How to make square(sqrt(x)) feasible?


(Jamie Song) #1

Hello

cvx_begin
    variable ap_power(ap_num,user_num)
    minimize(sum(sqrt(ap_power(:,k)).*channel_est_var(:,k),1)^2);
    subject to
        for m = 1:ap_num
            ap_power(m,:)*channel_est_var(m,:)' == 1
        end        
cvx_end

where ap_num,user_num,channel_est_var,k is known. CVX returns “Disciplined convex programming error: Illegal operation: square( {concave} ).”. The objective function is a concave function of ap_power. Could I do something to make it feasible?


(Mark L. Stone) #2

Have you proven this problem is convex? Please read Why isn't CVX accepting my model? READ THIS FIRST! .

Given that you are minimizing, the objective function must be convex in order for the problem to be convex.

if you declared a variable sqrt_ap_power instead of ap_power, then you could avoid the sqrt in the objective function. But that would turn the affine (linear) constraints into non-convex quadratic equality constraitns involving sqrt_ap_power^2.

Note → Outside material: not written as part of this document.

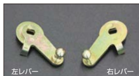
●WEBER 標準スロットルレバー 適合: WEBER 40~45φ ・スロットル右レバー 本体 ¥5,000 ・スロットル左レバー 本体 ¥5,000
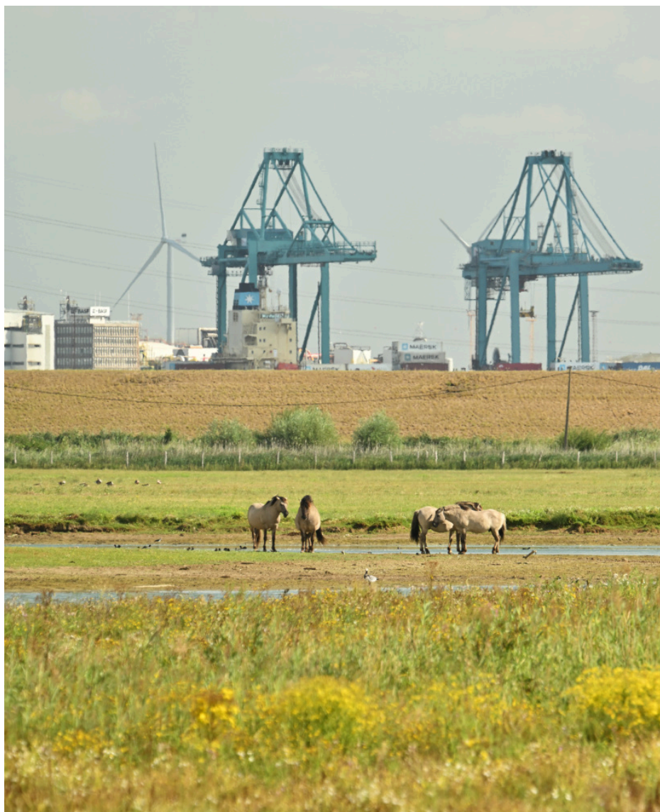
Fig. 21 : photo aux alentours de Doel.

I will mark this as non-convex unless and until you show it is a convex problem.


(Mark L. Stone) #3

EDIT: This post is incorrect. I am keeping it only so that the following posts make sense. Please go by my previous post, which was my original, but deleted, and now undeleted post.

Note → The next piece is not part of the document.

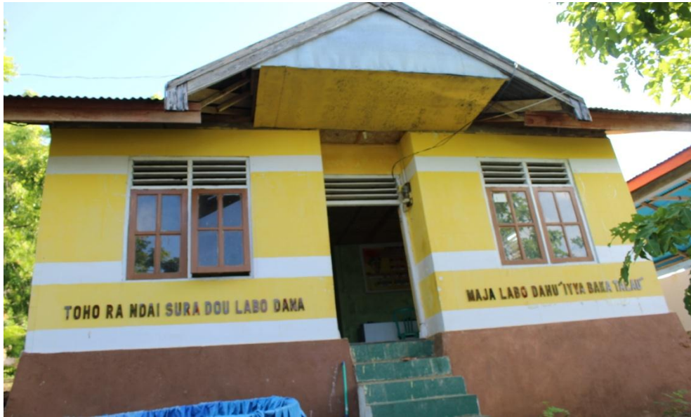
Kantor Desa Bajo Pulau

Given that you are minimizing, the objective function must be convex in order for the problem to be convex.

if you declared a nonnegative variable sqrt_ap_power instead of ap_power, then you could avoid the sqrt in the objective function. But that would turn the affine (linear) constraints into non-convex quadratic equality constraints involving sqrt_ap_power^2.

Ischannel_est_var channel estimated variance, and therefore nonnegative? Given your taking the square root of ap_power and given the constraints, I presume and will assume channel_est_var is nonnegative. Therefore, both sides of the equality constraints can be squared, resulting in
sqrt_ap_power(m,:)*sqrt(channel_est_var(m,:)') == 1

The objective function using sqrt_ap_power in place of ap_power, cab be squared as you have it, but the optimal value of sqrt_ap_power will be the same if it is not squared, and then you would have a Linear Programing problem.

So

cvx_begin
    variable sqrt_ap_power(ap_num,user_num) nonnegative
    minimize(sum(sqrt_ap_power(:,k).*channel_est_var(:,k),1));
    subject to
        for m = 1:ap_num
            sqrt_ap_power(m,:)*sqrt(channel_est_var(m,:)') == 1
        end        
cvx_end

I will let you check to make sure I didn’t mess up any parentheses.


(Jamie Song) #4

Thank you for your replay. channel_est_var is indeed nonnegative. I’m sorry I didn’t make it clear. However, I don’t think
sqrt_ap_power(m,:)*sqrt(channel_est_var(m,:)’) == 1
and
sqrt(ap_power(m,:)*channel_est_var(m,:)’) == 1
are equivalent. The order of operations lead to different results.


(Mark L. Stone) #5

You are correct. I have just undeleted my original post, which I deleted (and unmarked the thread as non-convex at the time) in a moment of mixed-up thought when I came up with the solution which you rightfully pointed pout is incorrect. So my original post is the one to go by. Non-convex problem as far as i can tell.


(Jamie Song) #6

This is a proof of the convexity of this problem.


(Mark L. Stone) #7

Presuming that is correct, that shows the objective function is concave, as you stated in your first post. But Minimizing a non-affine concave function is not convex.

You ca change variables, as I suggested in my first post, and get a convex (affine) if the squaring is removed) objective, but that pushes the non-convexity into the constraints. You could relax the transformed constraint, now with a convex quadratic left-hand side, into a convex <= inequality which CVX would accept, but that would have optimal value of ap_power = 0, which is obviously worthless as a solution to your original problem.


(Jamie Song) #8

Thank you for your help. I’ll see what else I can do to solve this problem.